To assess the safety and tolerability of high-dose creatine, the feasibility of enrolling premanifest and 50% at-risk subjects in a prevention trial, and the potential of cognitive, imaging, and blood markers.


Sixty-four eligible consenting participants were randomly allocated (1:1) to 15 g twice daily of creatine monohydrate or placebo for a 6-month double-blind phase followed by a 12-month open-label extension. Subjects included premanifest (tested) and at-risk (not tested) individuals without clinical symptoms or signs of Huntington disease (HD). Primary outcomes were safety and tolerability.
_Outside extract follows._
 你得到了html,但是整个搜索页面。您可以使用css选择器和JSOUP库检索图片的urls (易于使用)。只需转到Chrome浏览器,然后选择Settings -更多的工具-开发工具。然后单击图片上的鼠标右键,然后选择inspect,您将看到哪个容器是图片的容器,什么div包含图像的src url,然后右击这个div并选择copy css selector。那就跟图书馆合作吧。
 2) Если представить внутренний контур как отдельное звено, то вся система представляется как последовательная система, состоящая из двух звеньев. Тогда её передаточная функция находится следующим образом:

Exploratory endpoints included fine motor, visuospatial, and memory performance; structural and diffusion MRI; and selected blood markers.
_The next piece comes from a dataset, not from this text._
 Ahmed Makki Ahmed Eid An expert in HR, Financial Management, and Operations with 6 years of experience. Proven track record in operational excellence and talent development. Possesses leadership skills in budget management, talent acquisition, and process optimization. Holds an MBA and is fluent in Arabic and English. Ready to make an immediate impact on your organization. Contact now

Forty-seven HD carriers and 17 non-HD controls were enrolled. Fifteen discontinued treatment (2 assigned to placebo); all were followed for the entire study period. Primary analysis was by intent to treat. The most common adverse events were gastrointestinal. Neuroimaging demonstrated treatment-related slowing of cortical and striatal atrophy at 6 and 18 months.


We describe a design that preserves the autonomy of subjects not wanting genetic testing while including controls for assessing the specificity of treatment effects. Our results demonstrate the feasibility of prevention trials for HD and the safety of high-dose creatine, provide possible evidence of disease modification, support future studies of creatine, and illustrate the value of prodromal biomarkers.


This study provides Class I evidence that high-dose creatine is safe and tolerable.